Humpf leads HP bowling teams on and off lanes
Wyatt Humpf led the team cheer Thursday when the Holland Patent bowling teams hosted Herkimer at King Pin Lanes then he casually went out and bowled a strike on his first frame of the day. Some things have been a challenge for the student-athlete who was diagnosed with autism in 2007, but being a leader and a helper are right up his alley.
The senior started bowling in fifth grade, having watched his two older brothers — Dalton and Cooper — and other relatives. He started bowling at Adirondack Lanes in Barneveld.
Humpf has spent the last two seasons as the HP football team’s manager but bowling is where he competes. “I liked to pick a sport that’s a better fit for me,” he said, speficially a non-contact sport. He’s been bowling with the varsity team since eighth grade.
“We have a team that we get along, we go together. We think about our strategy,” he said of the Golden Knights’ bowling team. “What makes me good is not hitting the gutters and getting as many strikes as possible.”

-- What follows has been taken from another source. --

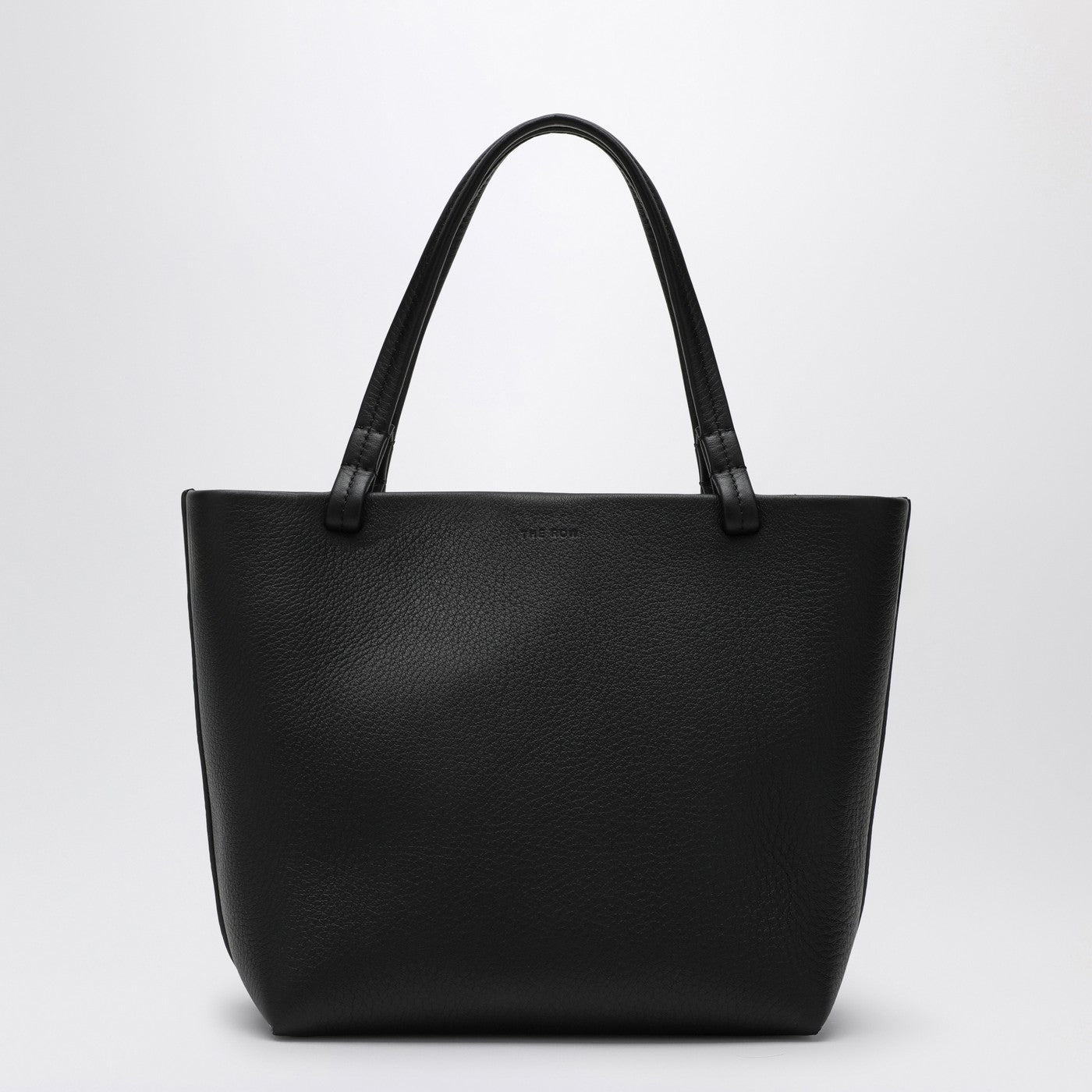Black calfskin leather small bag from The Row featuring two flat top handles, an adjustable and detachable shoulder strap, embossed lettering logo on the front and a metal hook fastening.

Coach Eileen McCann said his strength is in the consistent repetition of his form. But form is not why Humpf is a team captain. “I have nice and perfect leadership. I support and try to help and teach the underclassmen.” Coach McCann added that he’s been a help to the girls team too, as they only have three seniors and not a lot of experience at the varsity level.
He’s also the one who does the little things off the lanes, McCann noted. Humpf is the first one to arrive and last one to leave, even helping to clean up and make sure teammates have rides home. When HP hits the road to compete, he’s the one programming in the address to the competition’s lanes to get the directions for the drive.
“Our team is not too bad,” Humpf said. “We’re getting there.” The team has qualified for Sectionals in each of Humpf’s five years on the team. The team was co-champion of the Center State Conference’s Division I two years ago as well.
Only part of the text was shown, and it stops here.